Mayur Rathi

⭐ 34.1k GitHub stars

Agent-Safety

Agent-Safety is an code AI skill with a core value of Guidelines for building safe, governed AI agent systems. It helps developers solve real-world problems in the code domain, boosting efficiency, automating repetitive tasks, and optimizing workflows.

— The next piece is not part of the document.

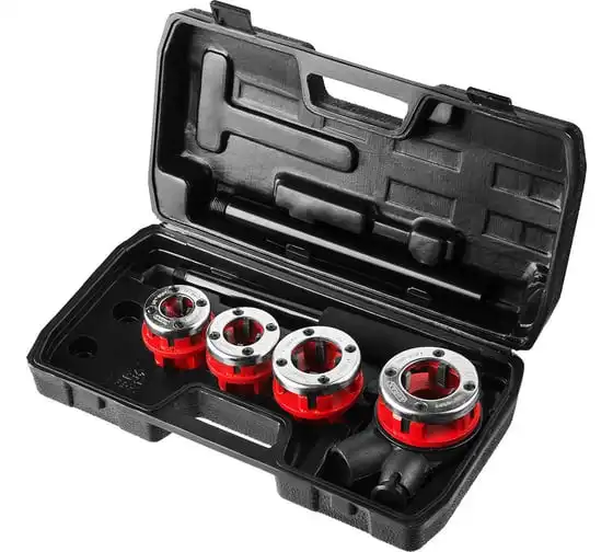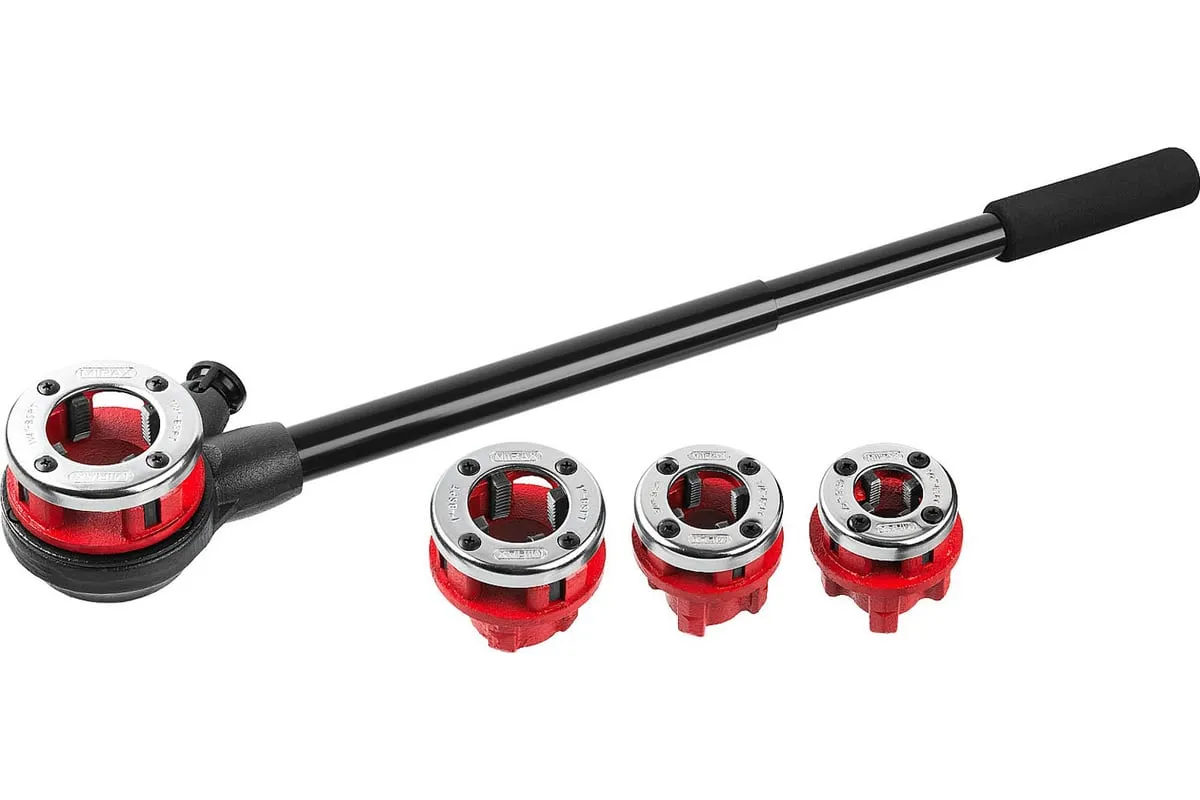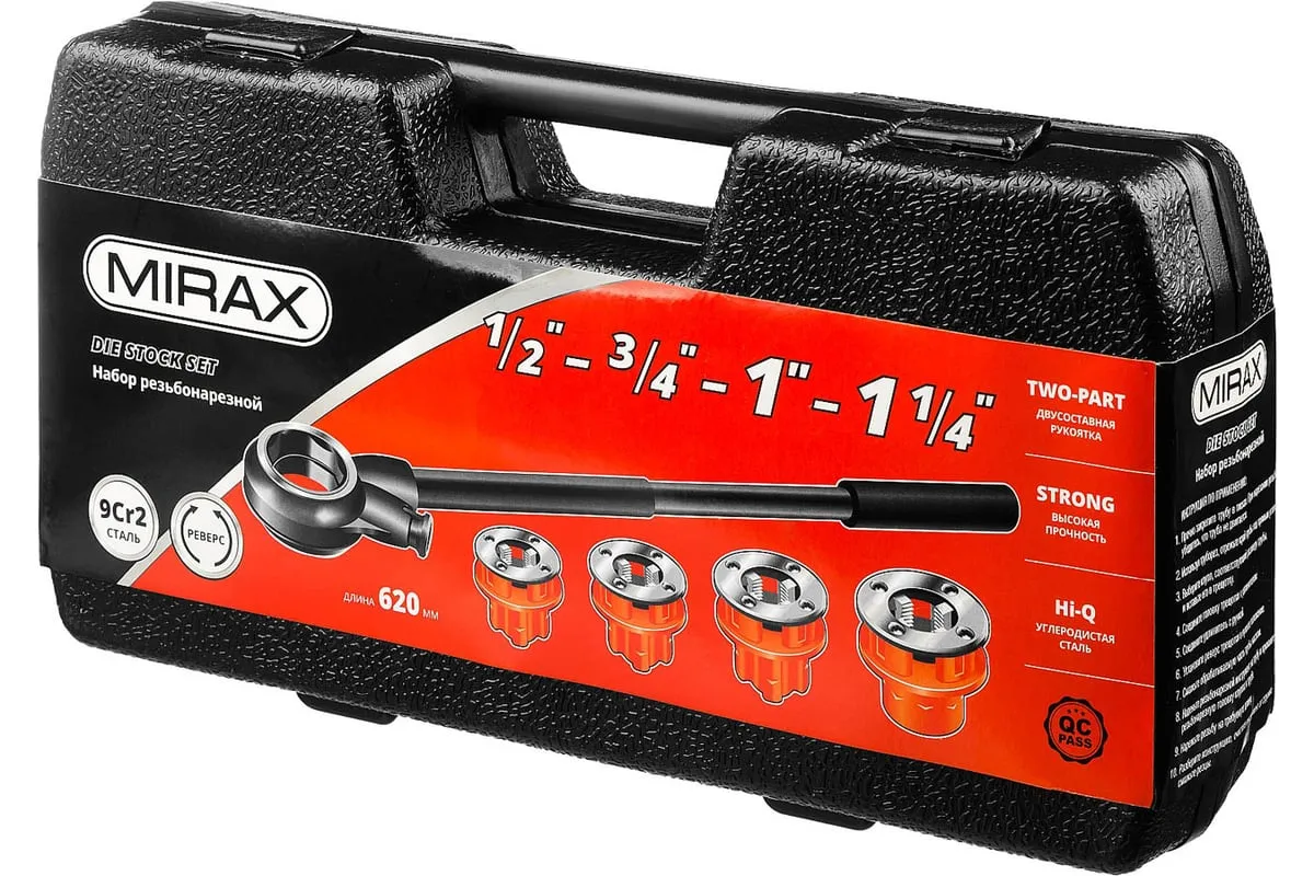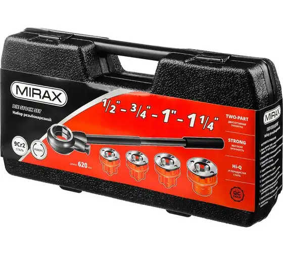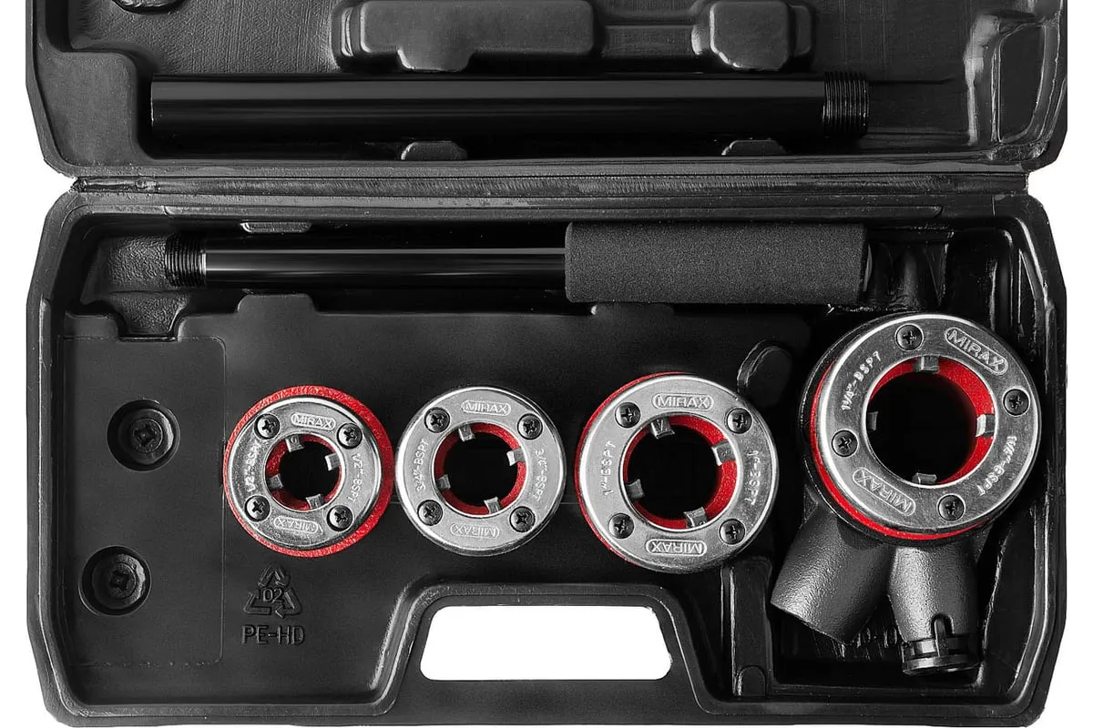 Трубный резьбонарезной набор №4 MIRAX 5 предметов 28240-H4 применяется для нарезания трубной конической трубы. В состав набора входят самые востребованные размеры клуппов для нарезания резьбы на металлических трубах. Резцы изготовлены из высококачественной углеродистой стали для ровного реза резьбы. Также в наборе имеется двухкомпонентная ручка трещотки с реверсом для более удобного использования. В прочном пластиковом кейсе набор удобно хранить и транспортировать.

Guidelines for building safe, governed AI agent systems. Apply when writing code that uses agent frameworks, tool-calling LLMs, or multi-agent orchestration to ensure proper safety boundaries, policy

Last verified on: 2026-07-14

Quick Facts

Category code

Works With Claude, GitHub Copilot

Source github/awesome-copilot

Stars ⭐ 34.1k

Last Verified 2026-07-14

Risk Level Low

mkdir -p ./skills/agent-safety && curl -sfL https://raw.githubusercontent.com/github/awesome-copilot/main/skills/agent-safety/SKILL.md -o ./skills/agent-safety/SKILL.md

Run in terminal / PowerShell. Requires curl (Unix) or PowerShell 5+ (Windows).

Skill Content

# Agent Safety & Governance

Core Principles

- **Fail closed**: If a governance check errors or is ambiguous, deny the action rather than allowing it

- **Policy as configuration**: Define governance rules in YAML/JSON files, not hardcoded in application logic

- **Least privilege**: Agents should have the minimum tool access needed for their task

- **Append-only audit**: Never modify or delete audit trail entries — immutability enables compliance

Tool Access Controls

- Always define an explicit allowlist of tools an agent can use — never give unrestricted tool access

- Separate tool registration from tool authorization — the framework knows what tools exist, the policy controls which are allowed

- Use blocklists for known-dangerous operations (shell execution, file deletion, database DDL)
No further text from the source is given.